**Task description**
Please copy out the entries below exactly, beginning with the line that contains "Đặc biệt, khi" and ending with the line that contains "Crafted from a", and include nothing outside that span.

**Data for this task**
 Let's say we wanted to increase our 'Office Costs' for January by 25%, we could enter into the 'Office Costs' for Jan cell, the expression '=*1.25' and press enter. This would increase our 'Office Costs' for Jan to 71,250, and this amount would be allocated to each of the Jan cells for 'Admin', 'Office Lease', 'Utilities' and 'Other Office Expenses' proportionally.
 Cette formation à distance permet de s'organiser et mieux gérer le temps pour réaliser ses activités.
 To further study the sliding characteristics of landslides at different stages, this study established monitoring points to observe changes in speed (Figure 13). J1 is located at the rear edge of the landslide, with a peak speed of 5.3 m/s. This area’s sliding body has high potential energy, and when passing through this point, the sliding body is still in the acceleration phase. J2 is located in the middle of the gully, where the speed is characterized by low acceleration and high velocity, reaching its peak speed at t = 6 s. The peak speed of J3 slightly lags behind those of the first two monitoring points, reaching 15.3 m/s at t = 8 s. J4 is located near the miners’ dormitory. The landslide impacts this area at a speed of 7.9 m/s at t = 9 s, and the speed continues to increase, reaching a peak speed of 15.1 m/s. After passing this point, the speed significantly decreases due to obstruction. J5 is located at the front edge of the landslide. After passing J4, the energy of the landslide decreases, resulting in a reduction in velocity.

---

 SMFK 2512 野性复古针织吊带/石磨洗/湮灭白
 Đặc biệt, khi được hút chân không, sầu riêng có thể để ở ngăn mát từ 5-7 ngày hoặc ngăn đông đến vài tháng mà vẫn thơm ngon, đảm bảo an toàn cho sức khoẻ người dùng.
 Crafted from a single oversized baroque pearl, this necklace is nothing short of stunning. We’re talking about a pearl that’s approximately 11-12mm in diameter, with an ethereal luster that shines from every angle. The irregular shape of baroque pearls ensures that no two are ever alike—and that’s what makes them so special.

* * *

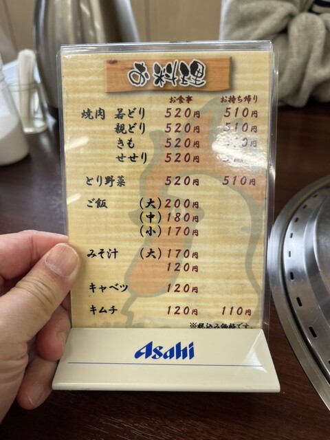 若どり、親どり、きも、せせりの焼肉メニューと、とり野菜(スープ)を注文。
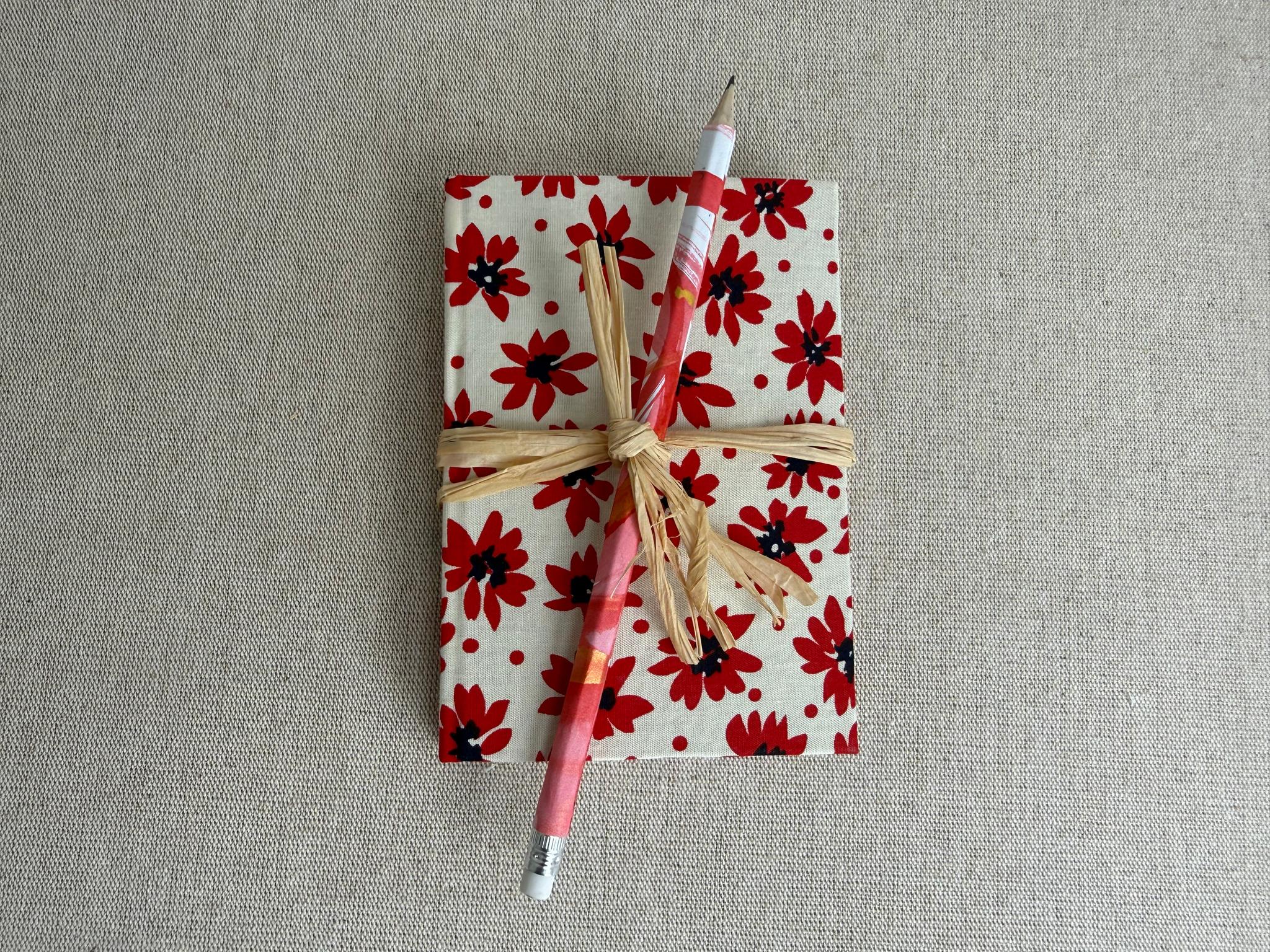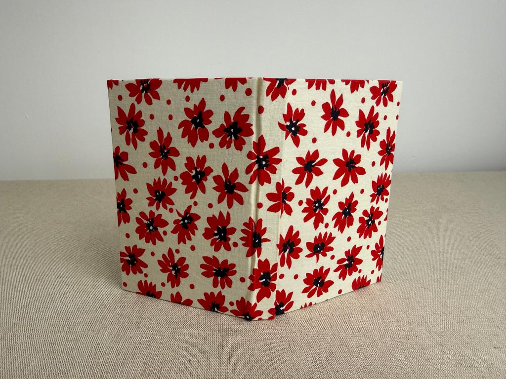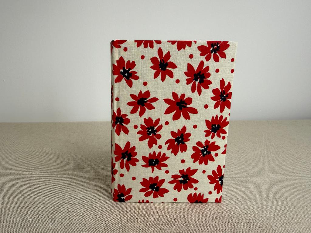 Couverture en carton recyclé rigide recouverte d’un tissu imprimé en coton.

**Response to this exercise**
 Đặc biệt, khi được hút chân không, sầu riêng có thể để ở ngăn mát từ 5-7 ngày hoặc ngăn đông đến vài tháng mà vẫn thơm ngon, đảm bảo an toàn cho sức khoẻ người dùng.
 Crafted from a single oversized baroque pearl, this necklace is nothing short of stunning. We’re talking about a pearl that’s approximately 11-12mm in diameter, with an ethereal luster that shines from every angle. The irregular shape of baroque pearls ensures that no two are ever alike—and that’s what makes them so special.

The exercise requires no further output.